Provided entries:
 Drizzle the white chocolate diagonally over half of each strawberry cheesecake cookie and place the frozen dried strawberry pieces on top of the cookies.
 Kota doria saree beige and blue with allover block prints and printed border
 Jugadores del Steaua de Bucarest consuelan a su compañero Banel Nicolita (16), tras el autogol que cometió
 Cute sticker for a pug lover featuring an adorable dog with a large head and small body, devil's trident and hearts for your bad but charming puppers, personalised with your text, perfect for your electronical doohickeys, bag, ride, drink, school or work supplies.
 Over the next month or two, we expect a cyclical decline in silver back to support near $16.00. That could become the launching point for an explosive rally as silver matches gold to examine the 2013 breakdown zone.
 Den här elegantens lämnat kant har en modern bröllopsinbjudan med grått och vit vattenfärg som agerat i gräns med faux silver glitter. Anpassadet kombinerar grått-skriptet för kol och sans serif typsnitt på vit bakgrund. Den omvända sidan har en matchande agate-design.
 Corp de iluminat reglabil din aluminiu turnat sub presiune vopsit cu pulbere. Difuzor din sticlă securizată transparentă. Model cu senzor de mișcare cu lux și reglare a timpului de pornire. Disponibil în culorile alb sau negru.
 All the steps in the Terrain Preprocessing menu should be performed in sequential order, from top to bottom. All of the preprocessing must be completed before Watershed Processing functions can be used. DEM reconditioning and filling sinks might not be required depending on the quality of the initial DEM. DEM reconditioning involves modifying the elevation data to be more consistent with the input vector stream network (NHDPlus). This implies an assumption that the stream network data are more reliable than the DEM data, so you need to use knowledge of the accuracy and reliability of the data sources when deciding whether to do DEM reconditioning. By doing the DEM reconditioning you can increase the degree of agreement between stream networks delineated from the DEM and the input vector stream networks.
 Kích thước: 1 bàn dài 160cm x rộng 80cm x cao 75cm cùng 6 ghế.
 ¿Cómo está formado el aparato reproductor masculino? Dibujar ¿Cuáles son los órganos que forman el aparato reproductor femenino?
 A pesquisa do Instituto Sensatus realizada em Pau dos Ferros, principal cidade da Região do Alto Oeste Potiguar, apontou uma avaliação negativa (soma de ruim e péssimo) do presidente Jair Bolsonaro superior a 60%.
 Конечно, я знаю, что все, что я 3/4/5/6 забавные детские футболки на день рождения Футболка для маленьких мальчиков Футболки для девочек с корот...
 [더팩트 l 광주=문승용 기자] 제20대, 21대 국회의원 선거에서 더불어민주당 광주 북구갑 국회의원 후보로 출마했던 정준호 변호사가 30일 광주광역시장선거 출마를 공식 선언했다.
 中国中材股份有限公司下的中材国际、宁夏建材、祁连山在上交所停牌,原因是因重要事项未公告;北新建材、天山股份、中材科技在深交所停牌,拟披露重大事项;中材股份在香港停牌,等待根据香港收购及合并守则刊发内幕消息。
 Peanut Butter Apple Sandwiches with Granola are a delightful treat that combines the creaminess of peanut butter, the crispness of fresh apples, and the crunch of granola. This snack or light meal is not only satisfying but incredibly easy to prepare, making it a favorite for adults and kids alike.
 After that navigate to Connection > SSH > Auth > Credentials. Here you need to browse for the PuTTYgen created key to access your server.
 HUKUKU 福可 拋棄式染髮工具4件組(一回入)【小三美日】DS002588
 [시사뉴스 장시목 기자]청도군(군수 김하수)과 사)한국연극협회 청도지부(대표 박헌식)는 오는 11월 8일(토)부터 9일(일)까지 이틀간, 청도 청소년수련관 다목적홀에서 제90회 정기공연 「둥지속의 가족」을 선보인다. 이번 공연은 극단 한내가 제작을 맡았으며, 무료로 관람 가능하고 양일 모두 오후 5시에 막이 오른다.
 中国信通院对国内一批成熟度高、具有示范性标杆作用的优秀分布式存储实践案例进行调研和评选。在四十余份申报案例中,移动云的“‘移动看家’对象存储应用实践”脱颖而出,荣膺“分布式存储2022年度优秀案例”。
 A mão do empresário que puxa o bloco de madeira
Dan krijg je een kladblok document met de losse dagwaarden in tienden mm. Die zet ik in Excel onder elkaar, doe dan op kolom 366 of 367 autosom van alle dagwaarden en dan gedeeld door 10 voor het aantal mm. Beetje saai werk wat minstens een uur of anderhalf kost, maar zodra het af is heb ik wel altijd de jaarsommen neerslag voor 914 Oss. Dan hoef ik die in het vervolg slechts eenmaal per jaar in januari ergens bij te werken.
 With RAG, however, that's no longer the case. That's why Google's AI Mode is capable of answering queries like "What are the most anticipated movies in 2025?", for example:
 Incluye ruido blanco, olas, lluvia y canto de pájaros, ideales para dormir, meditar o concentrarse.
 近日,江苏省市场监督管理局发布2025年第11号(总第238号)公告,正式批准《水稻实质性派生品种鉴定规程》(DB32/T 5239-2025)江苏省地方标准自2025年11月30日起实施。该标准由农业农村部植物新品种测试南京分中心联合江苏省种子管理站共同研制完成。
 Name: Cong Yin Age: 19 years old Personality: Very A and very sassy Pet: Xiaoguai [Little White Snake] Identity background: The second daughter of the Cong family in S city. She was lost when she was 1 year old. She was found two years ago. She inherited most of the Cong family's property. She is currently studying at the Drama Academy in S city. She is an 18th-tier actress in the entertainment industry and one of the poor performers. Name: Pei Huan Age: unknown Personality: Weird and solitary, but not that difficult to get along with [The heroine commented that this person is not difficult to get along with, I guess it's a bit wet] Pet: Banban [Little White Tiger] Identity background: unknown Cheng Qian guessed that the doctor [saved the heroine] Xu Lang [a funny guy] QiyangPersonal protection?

Task objective:
Quote exactly the lines running from the start of the listing above through the line where "Den här elegantens" is found, and output no other lines.

Answer to the problem:
 Drizzle the white chocolate diagonally over half of each strawberry cheesecake cookie and place the frozen dried strawberry pieces on top of the cookies.
 Kota doria saree beige and blue with allover block prints and printed border
 Jugadores del Steaua de Bucarest consuelan a su compañero Banel Nicolita (16), tras el autogol que cometió
 Cute sticker for a pug lover featuring an adorable dog with a large head and small body, devil's trident and hearts for your bad but charming puppers, personalised with your text, perfect for your electronical doohickeys, bag, ride, drink, school or work supplies.
 Over the next month or two, we expect a cyclical decline in silver back to support near $16.00. That could become the launching point for an explosive rally as silver matches gold to examine the 2013 breakdown zone.
 Den här elegantens lämnat kant har en modern bröllopsinbjudan med grått och vit vattenfärg som agerat i gräns med faux silver glitter. Anpassadet kombinerar grått-skriptet för kol och sans serif typsnitt på vit bakgrund. Den omvända sidan har en matchande agate-design.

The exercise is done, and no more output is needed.